Why stop there? Just make consciousness a token value. See, AI is such an easy problem that me, a non-expert, is able to solve with just one sentence.
First of all. You could simply prompt the LLM to become conscious, and I bet none of you so-called AI skeptics have noticed that Open-AI has NEVER included text like that in any of their system prompts.
@Donkter @dgerard have you bumped your head?
It can figure anything out with perfect reasoning, provided that that it has an oracle to verify facts.
For my next trick, watch me collapse the polynomial hierarchy [1]
[1] quadraticaly faster than the time your mom sat on it
I’d like to see any evidence of openai concretely saying what chatgpt is for.
I’ll wait
Your quote is about LLMs, not “an unknown new generation of AI”. Research on LLMs dates back at least to 1990s, they’re neither new nor unknown.
Sammy boi claimed waaay wilder things than just “it reasons” about his grift so gtfo, this is some incredibly disingenuous apologetics for OpenAI.
Also, “apparently” is such a load-bearing word there.
An extra bit of labeling on your training data set really doesn’t help you that much.
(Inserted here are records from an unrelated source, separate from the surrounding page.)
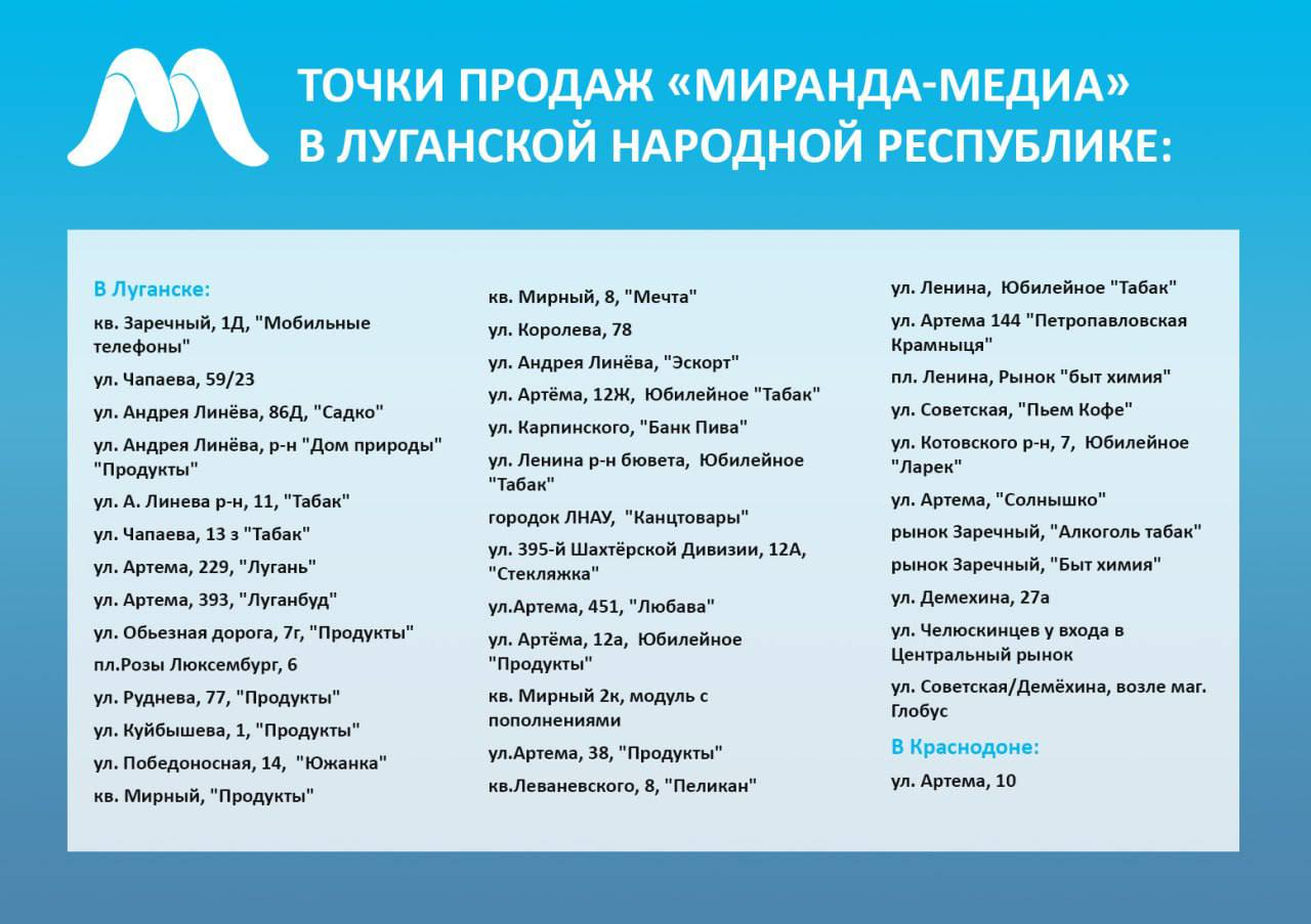Новый мобильный оператор «Миранда-медиа» 1 ноября откроет на территории Луганской Народной Республики 40 точек продажи сим-карт, 39 из которых расположены в Луганске и одна – в Краснодоне.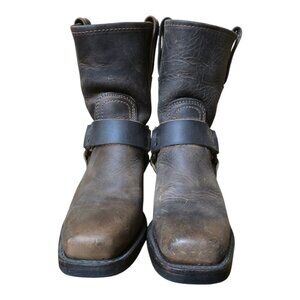 Ladies size 5.5M. These are in very good, lightly used condition. These are brown with a distressed leather look. Heel height is approx. 1.5 inches. Total boot height is about 8.5 inches. Please review all photos before purchase.
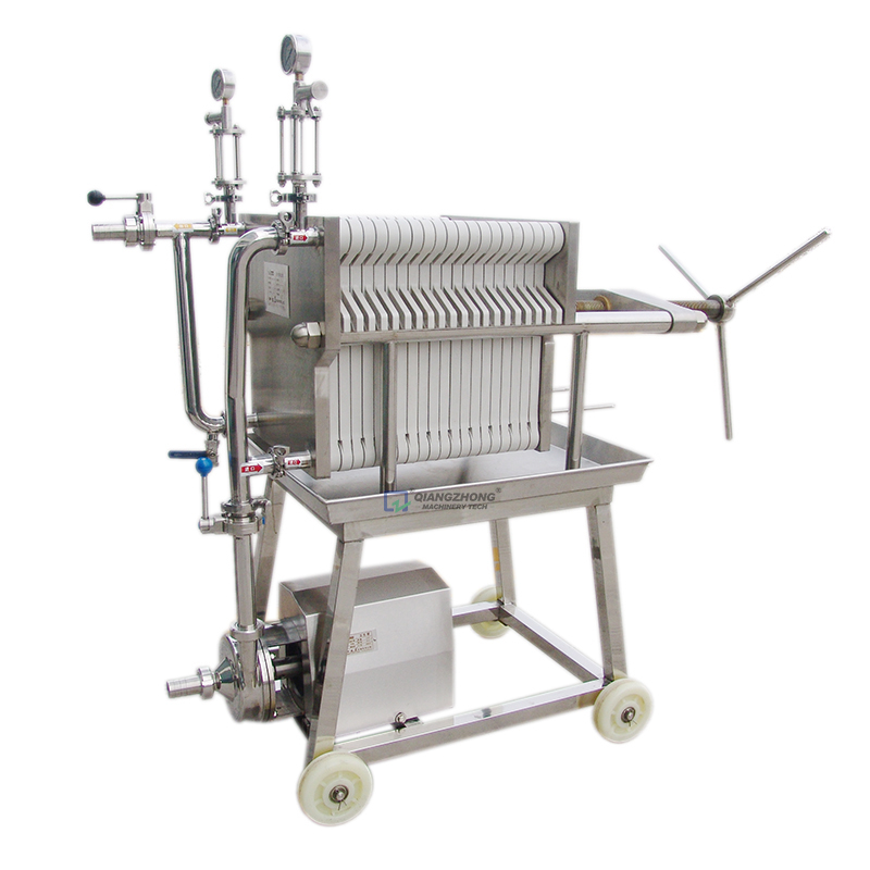 不锈钢板框式精滤机的每块滤板的四角有4个通液角孔,只有一侧竖向的2个角孔与内部相通,滤板与滤框交替排列(两面带孔板的为滤板,无孔板的为滤框)。过滤时,由滤框一侧的2个通液角孔进料,透过过滤层(过滤介质)后,清液由滤板一侧的2个出液角孔排出。

LLMs already make up plausible looking citations and website links (and other data types) that are actually complete garbage even though their training data has valid citations and website links (and other data types). Labeling things as “fact” and forcing the LLM to output stuff with that “fact” label will get you output that looks (in terms of statistical structure) like valid labeled “facts” but have absolutely no guarantee of being true.